Why Heat Your Pool? Your Pool Heating Choices

There are several reasons why we believe the Ecosun® solar pool heating collector panel by Aquatherm® is the finest swimming pool heating system available on the market today. The Ecosun® panel offers the following specific advantages:

    • Best combination of thermal performance and structural integrity
    • Best solar panel design for efficient pool pump operation
    • Best design for real world performance
    • Best design for storm velocity winds
    • Strongest and most durable mounting system

    Please take a moment and review our discussion of each of these advantages, and we are confident you will agree that the Aquatherm® Ecosun® solar collector panel represents the state-of-the-art in solar pool heating collector design and engineering.

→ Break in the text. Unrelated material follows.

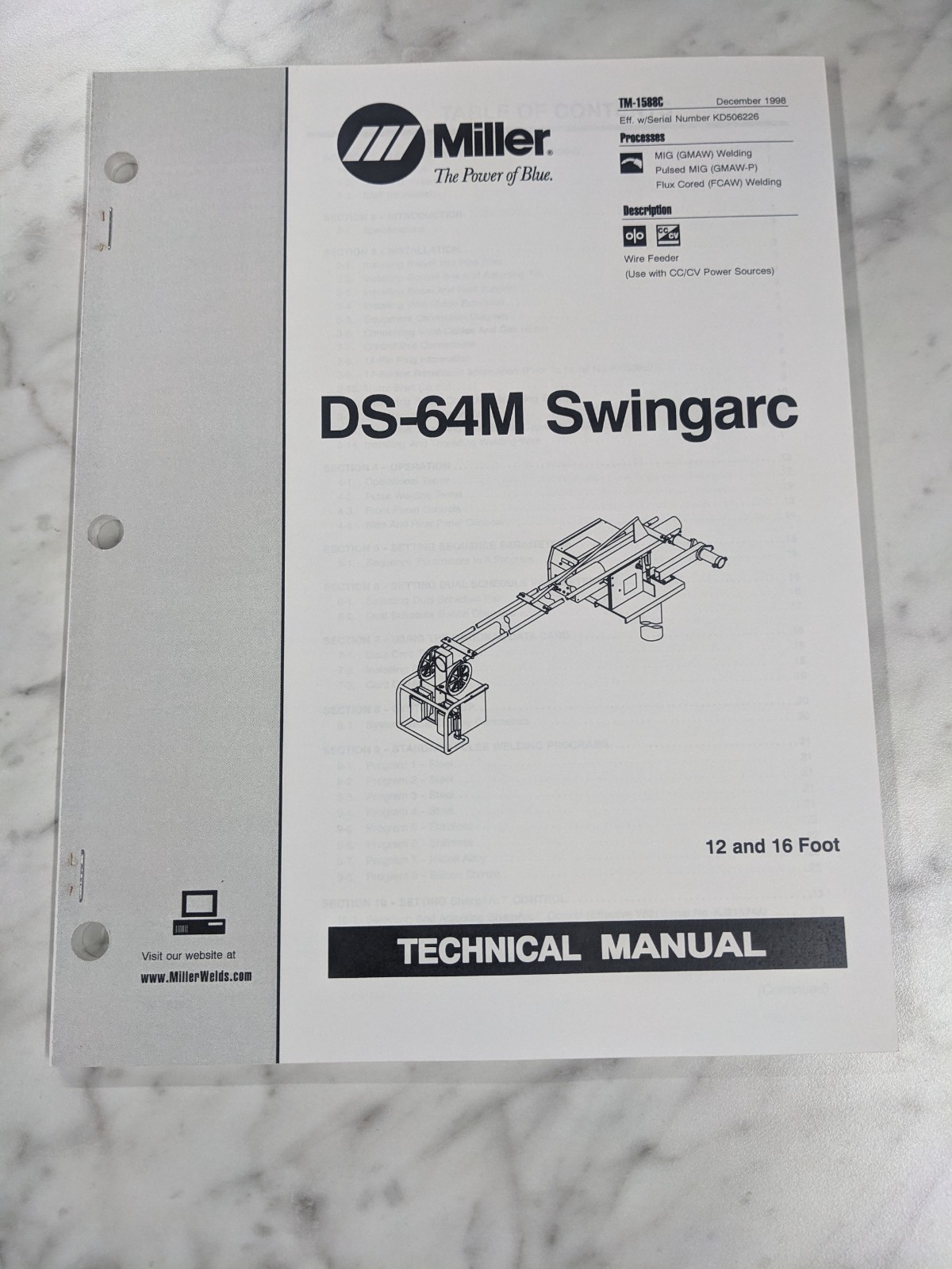 Miller Welder Techinical Service Manual Parts List Swingarc Ds-64M Tm-1588C 1998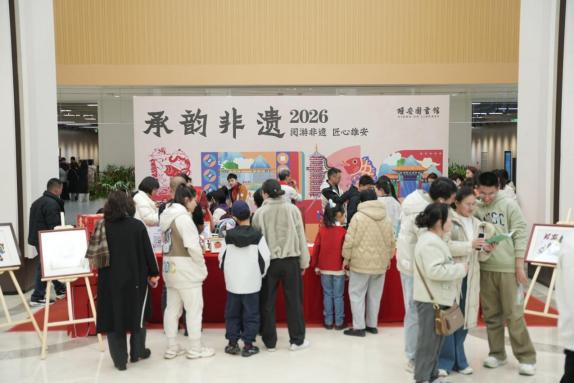 馆内各类新春特色活动更是精彩纷呈,现场人气持续攀升,处处洋溢着欢乐的节日氛围。“声动书海”音乐快闪已于假期第一天惊喜上演,乐声在书香中流淌,逾400名读者自发轻声合唱,温暖的旋律让图书馆充满团圆气息;“承韵非遗”体验区前人头攒动,非遗大师现场传艺,剪纸、面塑等沉浸式手作体验每日换新,家长与孩子携手创作,在指尖感受传统技艺的魅力;“穿越时空的年味”集卡活动深受市民喜爱,大家循着线索解谜打卡,在互动中探寻古人年俗。

    The durability and design strengths of the Aquatherm® Ecosun® solar collector are plainly obvious when you have the opportunity to hold a section of an actual Ecosun® collector in your hands—and compare it with samples of competing collector products. When you compare the real thing, Ecosun’s® heft, rigidity, tube fluting, and unique slitted web design become the obvious choice for heating your pool.

    Best combination of thermal performance and structural integrity

    Since the early 1970s, polypropylene has proven to be a perfect material for swimming pool heating solar collectors because (1) unlike most plastics, polypropylene is stable at temperatures in the 90–240°F range, and (2) polypropylene does not react with chlorine or other common swimming pool chemicals.

    But all plastics are very poor heat conductors. Polypropylene has about one thousandth the thermal conductivity of copper, so thicker solar collector fluid passageway walls equal lower efficiency. As a result, some solar pool heating collector manufacturers have succumbed to chasing the highest possible thermal performance ratings by making the fluid passageway walls of their solar collectors as thin as possible.

    Thinning out the fluid passageway walls increases the risk that cyclical stresses caused by temperature extremes—during freezing weather and during no-flow stagnation conditions on a hot summer day—will cause the solar collector’s fluid passageways to crack and leak.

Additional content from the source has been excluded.